2 Works for You was able to witness as the decades-old bear was found inside an airport hangar Thursday night.

The R.L. Jones Jr. Riverside Airport has been home to the bear since the 1990s but for the last three years, its exact location has been a mystery.

Now the Gilstrap family says they're grateful to have their $50,000 heirloom back.

“‘Turn on your TV! Watch the news! They’re getting that bear!' and I turned it on and watch the bear being taken out and it was just such a relief. My hands were shaking,” said Bill Gilstrap, Jr.

Bill Gilstrap, Jr.is still shocked to have his father's polar bear back.

To understand what it means for his family, you have to go all the way back to Alaska in 1969.

“He struck a deal with Don to go on a polar bear hunt, the ultimate hunt,” said Gilstrap.

It ended with the ultimate catch. Bill Sr. snagged the bear just three years before they became federally protected.

“It was his pride and joy. That was something, he got a lot of notoriety for it, especially in Mayes County,” said Gilstrap.

From City Banks in Alaska to motorcycle shops in prior, the bear spent the next several decades on display for all to see up close.

Then – following a display at the jones airport, it vanished and Gilstrap's phone calls to the hangar went unanswered.

“Oh, I’d like to drop to the floor [sic],” he said. “I mean, that was my worst nightmare to think that somebody would actually, after all these years of moving the bear around and letting people display it and everything, that someone somewhere would actually try to keep that bear.”

While some might see the bear as just a statue, game warden Carlos Gomez describes how it is much more.

“It may not be drugs, it may not be cannons or missiles, or machine guns, but it's still a heavily protected, regulated piece of wildlife,” said Gomez.

Using original ownership documents from 1969, the Gilstraps and game wardens were able to track the bear to a completely different hangar in the airport.

“Someone else had latched onto it and decided it was theirs,” said Gomez. “It is illegal to have if you don't have all of the proper documentation.”

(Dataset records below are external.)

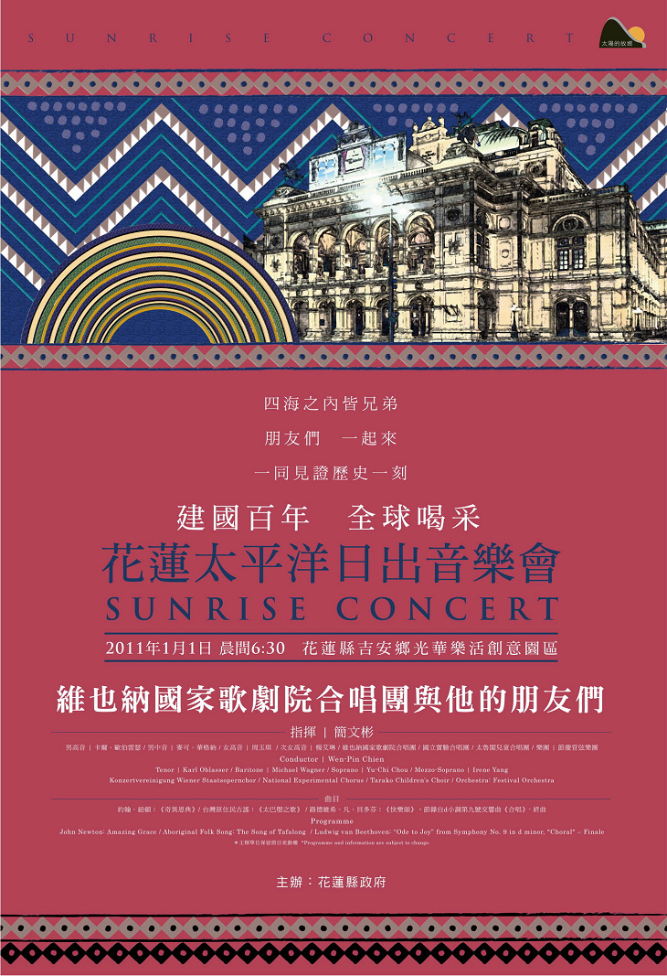 其次,「花蓮精彩100 巨星演唱會」選定在花蓮市六期重劃區舉行,元旦升旗典禮、「花蓮太平洋日出音樂會 維也納
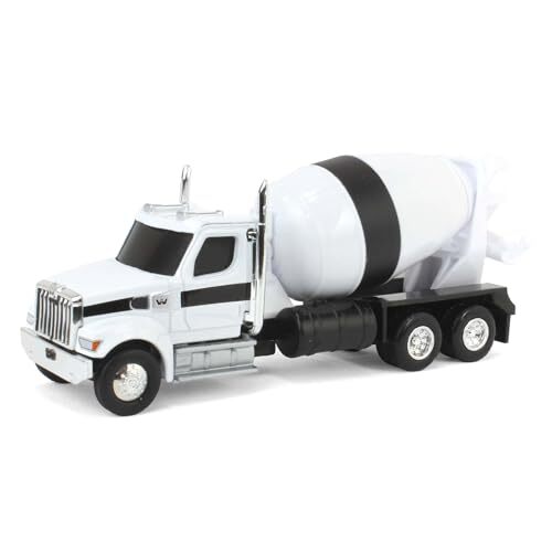 Product description: Made by ERTL, the leading in farm toys for over 60 years. This 1/64 scale model of a Western Star Cement Mixer is die-cast with some plastic parts. The truck and mixer are white with black stripe through them. The truck measures approximately 5.75"L x 1.75"W x 2.25"H and is recommended for ages 3+. *NOTE: Item is sold "loose" - it does not come with any original packaging or blister pack.
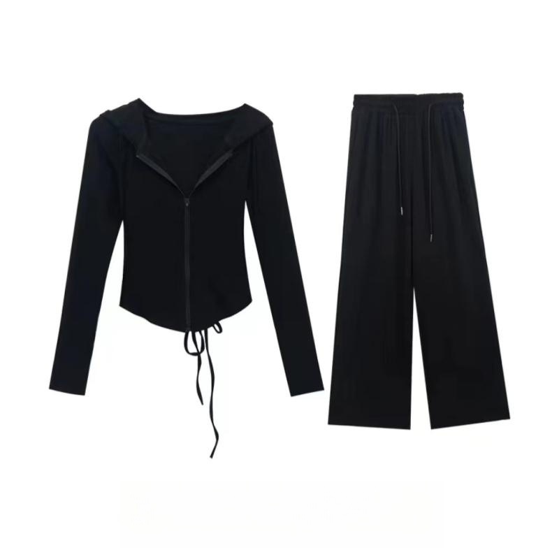 時尚套裝女春秋款2025新款拉鏈上衣闊腿褲黑色休閒運動網紅兩件套

The bear immediately became evidence in a possible case of illegal possession. Wardens say charges could come soon.

The Gilstraps say it's still the ultimate catch and once again it’s been caught and reunited as a family legacy.

“He’s got a moose head, and a caribou, and I’m going to put them all together and keep a close eye on them,” Gilstrap said.

The family says they plan on keeping the bear close for now, but the goal is to put it on display again in the future for all of Green Country to see, just how Bill Gilstrap, Sr. would've wanted it.